BEGIN Task material

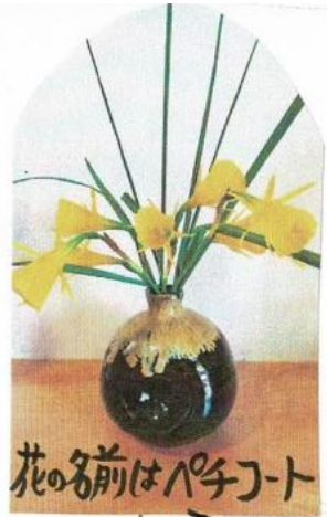
花の名前はパチジョト

4月号でご紹介しました、和紙が完成しました。水につけふやかした牛乳パックの内側の紙をミキサーでトドロにして型に流し入れます。なかはななどは、型は、写真たての枠にあめのネットを貼り用紙しました。花やつくしの押し花を飾り、乾かして出来あがりです。
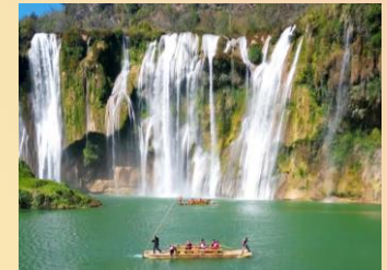
羅平【九龍瀑布景區】

【九龍瀑布景區】：九龍瀑布群，是國家4A級旅遊景區，位於雲南羅平縣城東22公里處，是羅平古十景之一的“三峽懸流”所在地，由於特殊的地質構造和水流的千年侵蝕，在此形成了十級高低寬窄不等，形態各異的瀑布群。一年四季美景不斷，素有“九龍十瀑，南國一絕”的美譽。
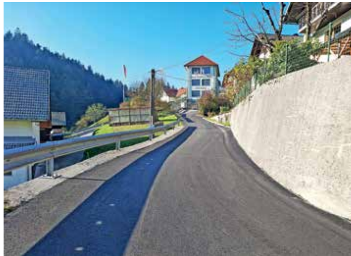
Sredi novembra so končali obnovo lokalne ceste Sovodenj–Nova Oselica–Cerkljanski Vrh.

Predvidoma do konca aprila prihodnje leto pa naj bi končali še sanacijo lokalne ceste Sovodenj–Stara Oselica, na kateri dela potekajo od letošnjega aprila. Obnova bo po besedah Gašperja Čadeža vredna 690 tisoč evrov, od tega bodo samo za gradnjo podpornih zidov odšteli več kot tristo tisoč evrov. »Sanacija kilometer dolgega odseka obsega stabilizacijo cestnega ustroja in vzpostavitev ponovne, poplavno varnejše prevoznosti cestišča. Sanirane so bile vse brežine in mostovi
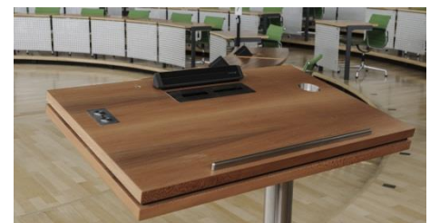
Rednerpult mit Mikrofonarray
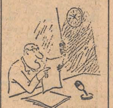
— Tyle o pogodzie, a teraz przegnozy strajkowe na jutro... (PAP)
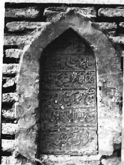
سنگ مزار شیخ معتمد امین خلوی

آن چنان که در سنگ قبر مذکور مشاهده می‌گردد امیر علاءالدین از سادات کدکن بوده و جد ایشان حضرت علاءالدین مستجاب الدعوه، از نوادگان امام سجاد (ع) بوده و در زمان غیبت صغری حضرت مهدی (عج)، زندگی می‌کرده است. اکنون مزار این بزرگوار، در قسمت جنوبی کدکن در محلی به نام (سرده) در بالای تپه‌ای قرار دارد. ۱
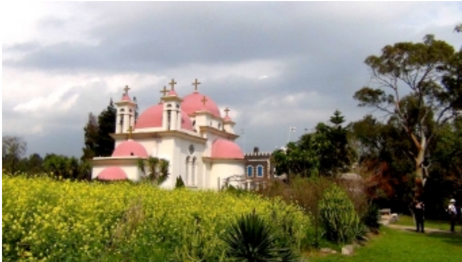
Eglise orthodoxe à Capharnaïm
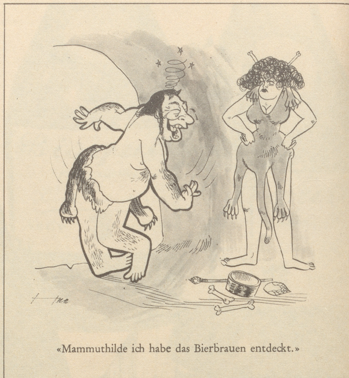
«Mammuthilde ich habe das Bierbrauen entdeckt.»

Arntzens Klaviermarathon denkt. Ich glaube, wenn ich mir den Arno anhörte, könnte ich noch viel länger schluchzen.
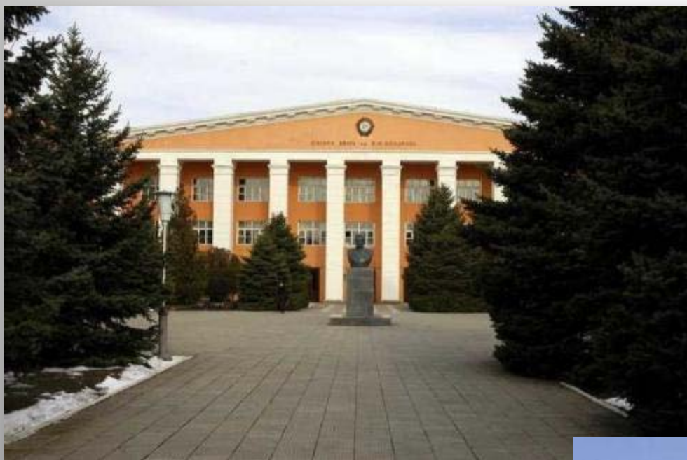
Ейское авиационное училище
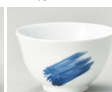
ハ388-338 呉須刷毛反煎茶 φ8.6×5.2cm(150cc) (強) JPN 860円
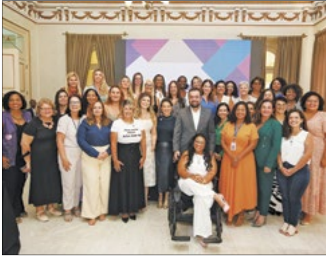
Governador Cláudio Castro participou do lançamento
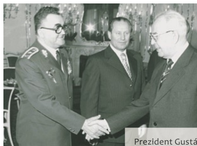
Prezident Gustáv Husák (vpravo) bol symbolom normalizácie
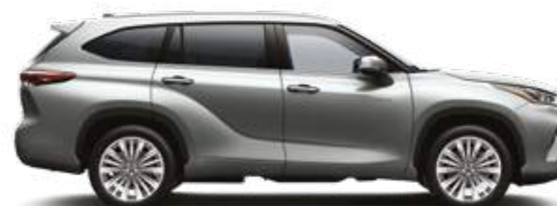
1J9 כסוף מטאלי
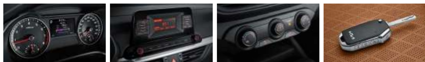
고급형 클러스터 (4.2인치 칼라 TFT LCD) 컴팩트 오디오 매뉴얼 에어컨 풀딩타입 무선도어 리모컨키
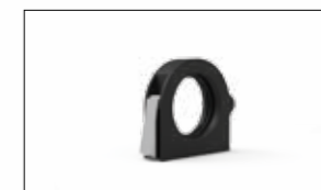
ATTACCO CON CHIUSURA METALLICA RINFORZATA
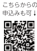
こちらからの申込みも可↓

▼入場料 無料(要事前申込) ▼申込み・問合せ 健康づくり課 (☎412668)
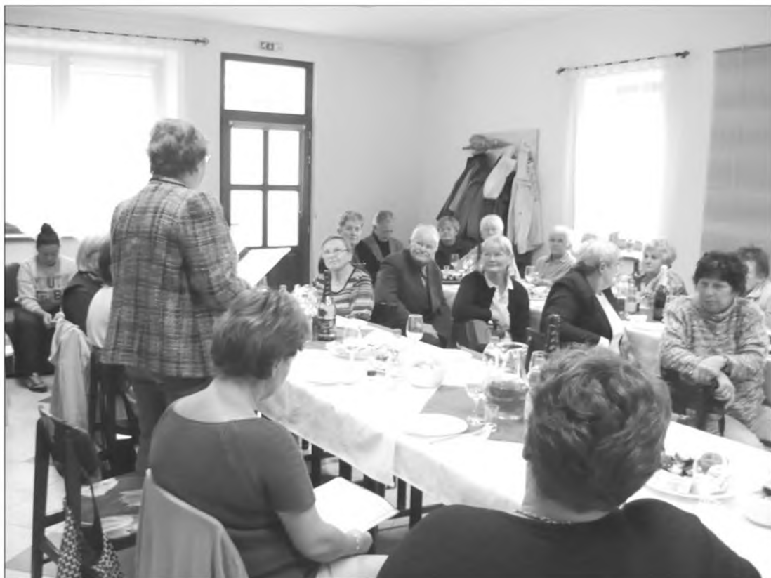
Közös mulatság a fűzfői és felsőörsi klubtársainkkal.

Novemberben külön buszos kirándulás keretében Szentendrére látogattunk a szomszédos települések klubjaival, a Balatonalmádi Szociális Központ támogatásával.
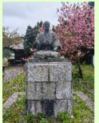
山形県・荘内清川 清川八郎先生の像
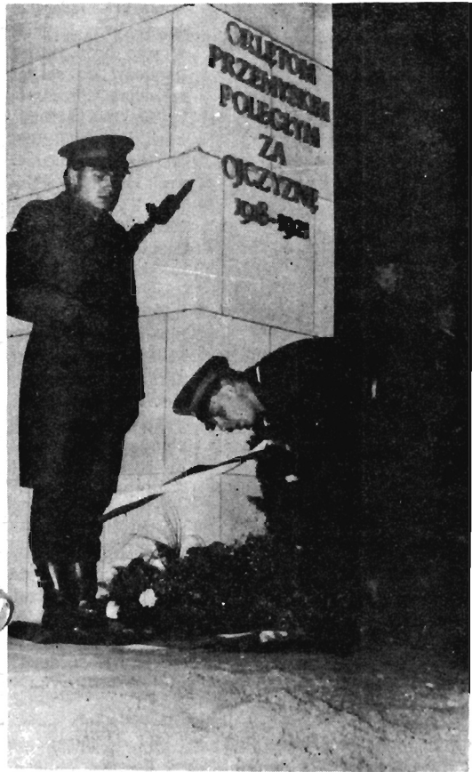
Złożenie wieńców u stóp pomnika

W Przemyślu obchody 75 rocznicy odzyskania niepodległości rozpoczęły się 10 listopada na Cmentarzu Wojskowym przy Grobie Nieznanego Żołnierza. W okolicznościowym przemówieniu wojewoda przemyski Adam Pęziół powiedział m.in.: (...) — Jestem przekonany, że Przemyśl, doświadczony na przestrzeni swoich dziejów niezwykle bogato, również w listopadzie 1918 roku, ma wszelkie szanse ku temu, aby wpisać się trwale w dzieło budowania nowoczesnego państwa polskiego. Przemyśl powinien stać się miejscem spotkania tego wszystkiego, co na przestrzeni wieków tworzyło ważne wartości cywilizacji chrześcijańskiej: tolerancji, szacunku dla drugiego człowieka i dialogu różnych narodów, kultur i religii. W sposób ważny wspierać ten proces może planowane w sier-
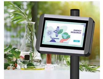
Plant research terminal
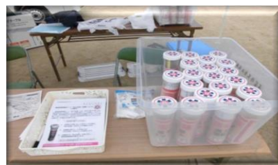
命の宝箱（防災フェスティバルにて）

その他にも、平岩放課後子供教室の実施など行っています。活動に協力していただいた方々ありがとうございます。また、お手伝いされたい方がおられましたらお声がけください。これからも、生活・福祉部会の活動にご協力、参加をよろしくお願い申し上げます。
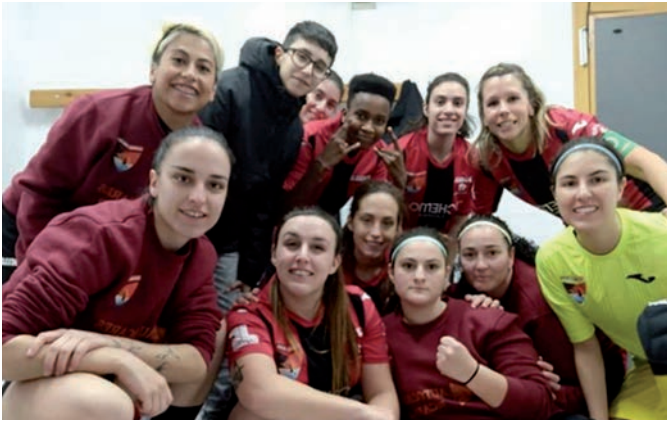
Equipo de la UD Azuqueca FS que milita en la liga de aficionados de Guadalajara.

> El equipo local acumula 22 puntos, con un balance de 6 victorias, 4 empates y 6 derrotas
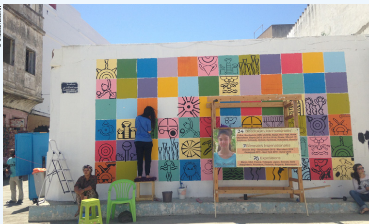
Les peintures d'Asilah.
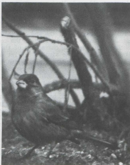
Fig.34 Mexicaanse Roodmus/House Finch Carpodacus mexicanus Lange Nieuwstraat, 35 IJmuiden (NH) 4 februari 1979 (Henk van der Pol)

De Mexicaanse Roodmus broedt in westelijk Noord-Amerika en zijn verspreidingsgebied strekt zich uit van British Columbia (Canada) in het noorden tot Oaxaca (Mexico) in het zuiden. De soort is in 1940 op Long Island (New York) ingevoerd. Sindsdien heeft hij zich van hieruit sterk uitgebreid en is hij in New York en andere staten in het oosten van de USA een algemene vogel geworden (Bock & Lepthien 1976, Bull 1964, Elliott & Arbib 1953). Bull (1964) noemt hem een "attractive addition to our avifauna" en een "melodious, tame and very adaptive species". Er zij op gewezen dat de in het oosten van de USA broedende Mexicaanse Roodmussen tot de ondersoort C. m. frontalis behoren ( American Ornithologists' Union 1957).
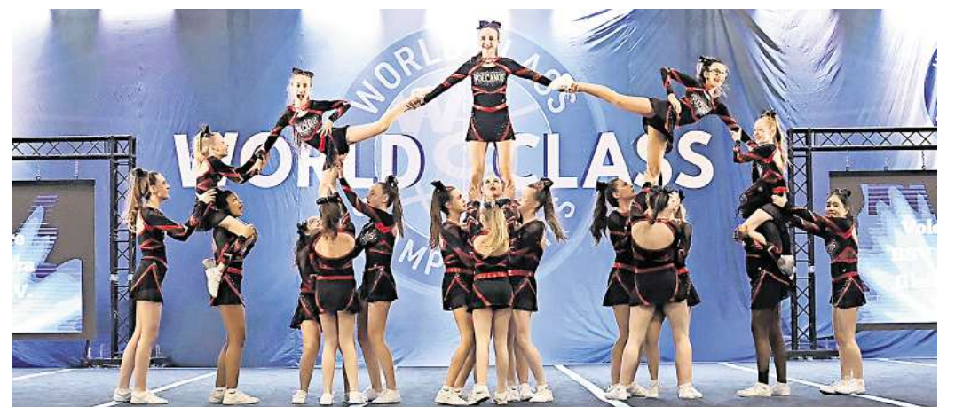
Die perfekte Vorstellung: Am ersten Wettkampftag erreichten die Volcanos Fire ein sogenanntes Hit Zero.

fen und unterstützt, wo es nur ging“, sagt Meyer. Für die Volcanos Fire war es der letzte Wettkampf in dieser Zusammensetzung, denn einige Cheerleaderinnen steigen ins nächste Level auf. Der Wettkampf war der perfekte Abschluss: „Das“, sagt Meyer, „wird keiner so schnell vergessen.“
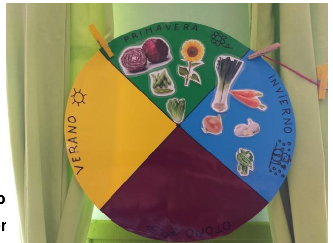
Letreros para el huerto, prep siembra meses, glosario, ser
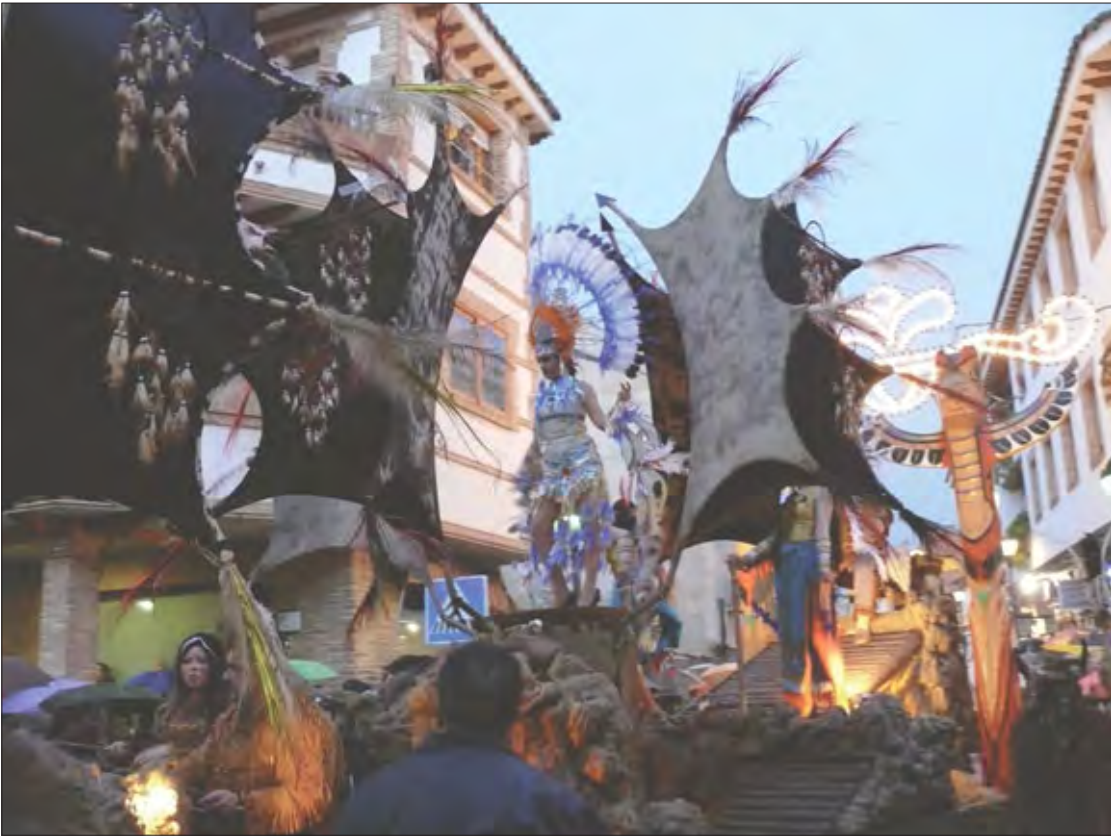
Peña «Los Remaches» (Moral de Cvª.): Primer premio, dotado con 1.800 euros
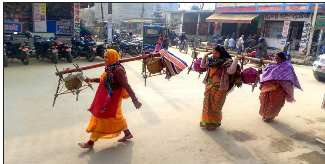
बोलबम यात्रा गर्दै भक्तजनः महोत्तरी जिल्लाको सदरमुकाम जलेश्वरबाट ३६० किलोमिटर टाढा रहेको भारतको झारखण्ड राज्यको देवघर जिल्लास्थित बाबा वैद्यनाथको पूजाअर्चनाका लागि बोलबम यात्रा गर्दै भक्तजनहरू । यहाँबाट प्रत्येक वर्ष ठूलो सङ्ख्यामा भक्तजनहरू बाबाधाम जाने गर्छन् । भक्तजनहरूले आउँदो श्रीपञ्चमीका दिन दर्शन, पूजा गर्नेछन् ।
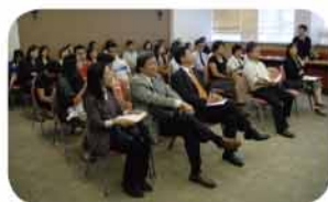
本會各小學校長及老師正參與本校舉辦之數學科交流活動
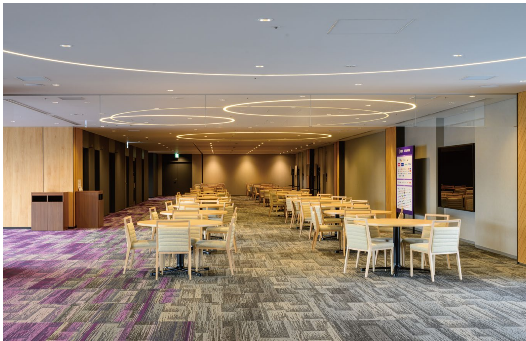
耐震天井工法: ダイケンハイブリッド天井 落下低減天井DH
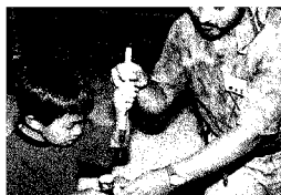
左:竹細工に挑戦 右:ヤマアカガエル
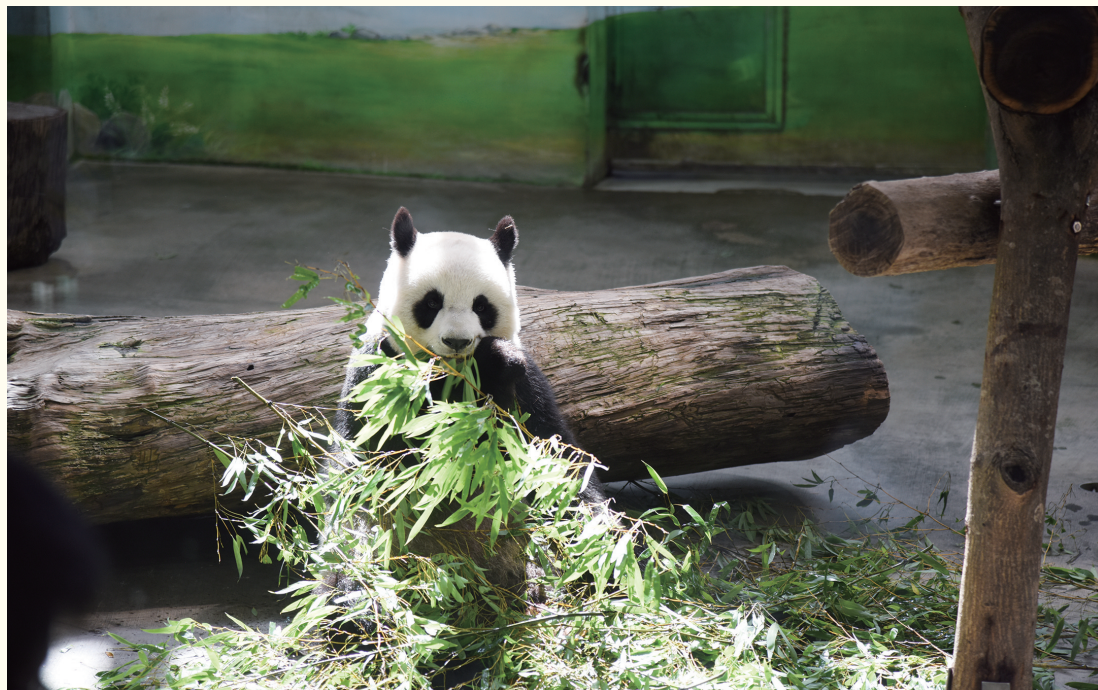
8月30日,大熊猫“圆圆”在台北市动物园吃竹子。

大陆赠台大熊猫“圆圆”迎来19岁生日。8月30日,大熊猫“圆圆”在台北市动物园品尝“生日蛋糕”。
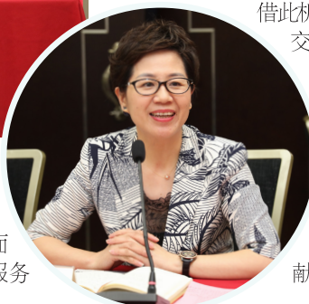
导和支持下，以全力打造“一座桥、一所校、一个家、一面旗”的“四个一”服务
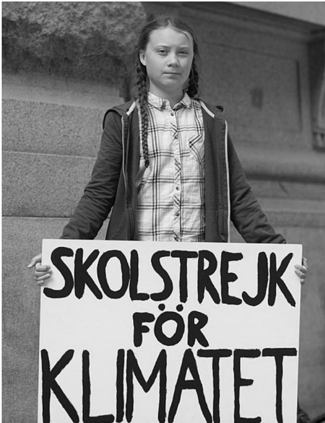
Greta Thunberg devant le Parlement suédois (2018)

Dans un monde verrouillé où dominent les discours convenus et les postures de circonstances, y compris chez les écologistes patentés, la protestation de la jeunesse européenne est apparue comme significative et, à
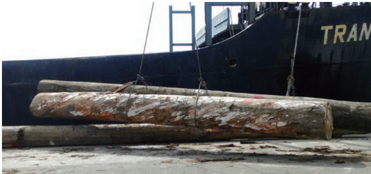
圖1、進口原木卸船作業。
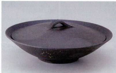
15006-076 4,300円 250710315 炭化土7.5蓋付浅丼(226×85mm)
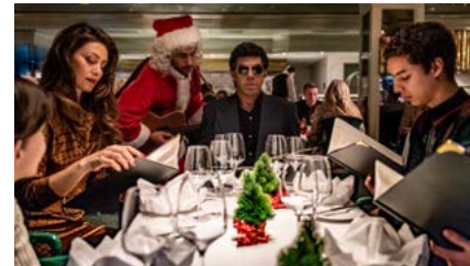
Kliknij, aby pobrać zdjęcie
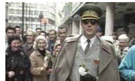
Tito de retour parmi les Serbes, 1994, © Željimir Žilnik

Le film documente les quatre premiers jours de manifestations, leur charge politique et critique, mais aussi leur esprit carnavalesque. Monté dans la foulée, comme un ciné-tract, il a été projeté dès le septième jour du mouvement.
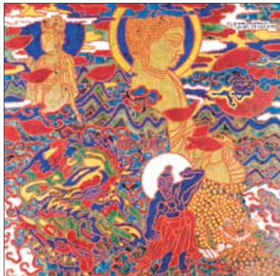
이영박물관에서 소장하고 있는 박생광의 '토함산 해돋이'.
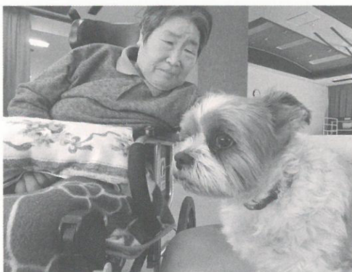
かわいくていつまでも見ていたい

4月26日、職員が自宅で飼っているワンちゃんをぶなの園に招待し、利用者の皆さんとふれあっていたきました。かわいいワンちゃんを見ればきつと喜んでくれるというねらいは見事の中し、あちこち元気に走りまわるのを目で追いながら、頭をなでたり声をかけたり。その表情は小さな子どもを見かけた時と同じで、「あやー、めんこいごだよ」と目を細めておりました。そして、利用者の皆さんの笑顔を見ることができた私たち職員もハッピーな気持ちになった午後でした。
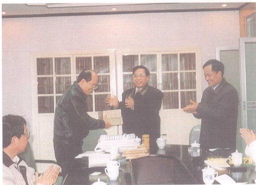
圖五：民國八十九年二月十七日拜訪黃山高等專科學校 接受該校贈送《戴震全集》
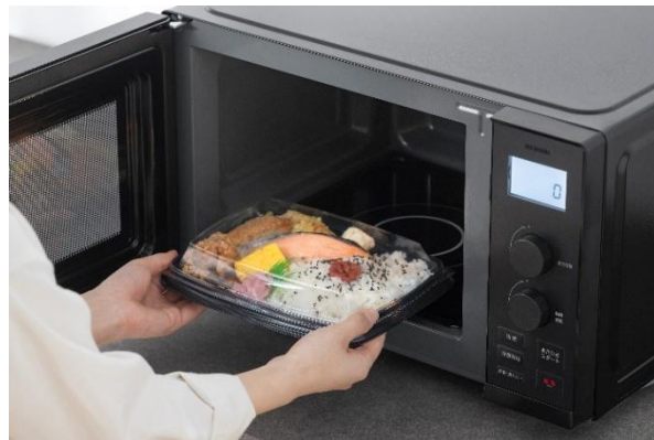
フラットテーブルで食品を入れやすく手入れもしやすい
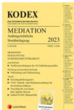
KODEX Mediation 2023 Ladenpreis: 32,00EUR
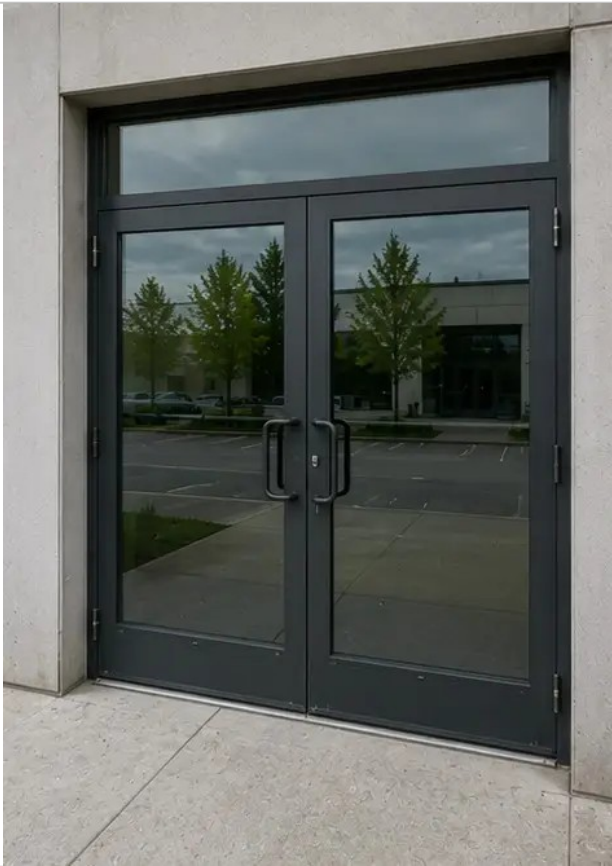
Fotografija br.7 Stanje vrata pregledano i zabilježeno
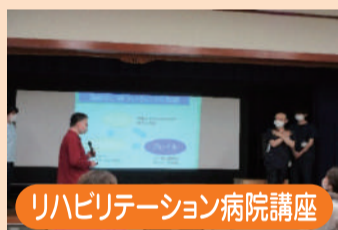
リハビリテーション病院講座

END Task material

• Problem details
Your task is to copy word for word the lines from the line containing "フラットテーブルで食品を入れやすく手入れもしやすい" to the end of the listing, both included, and to drop any pictures.

• Task output
フラットテーブルで食品を入れやすく手入れもしやすい
KODEX Mediation 2023 Ladenpreis: 32,00EUR
Fotografija br.7 Stanje vrata pregledano i zabilježeno
リハビリテーション病院講座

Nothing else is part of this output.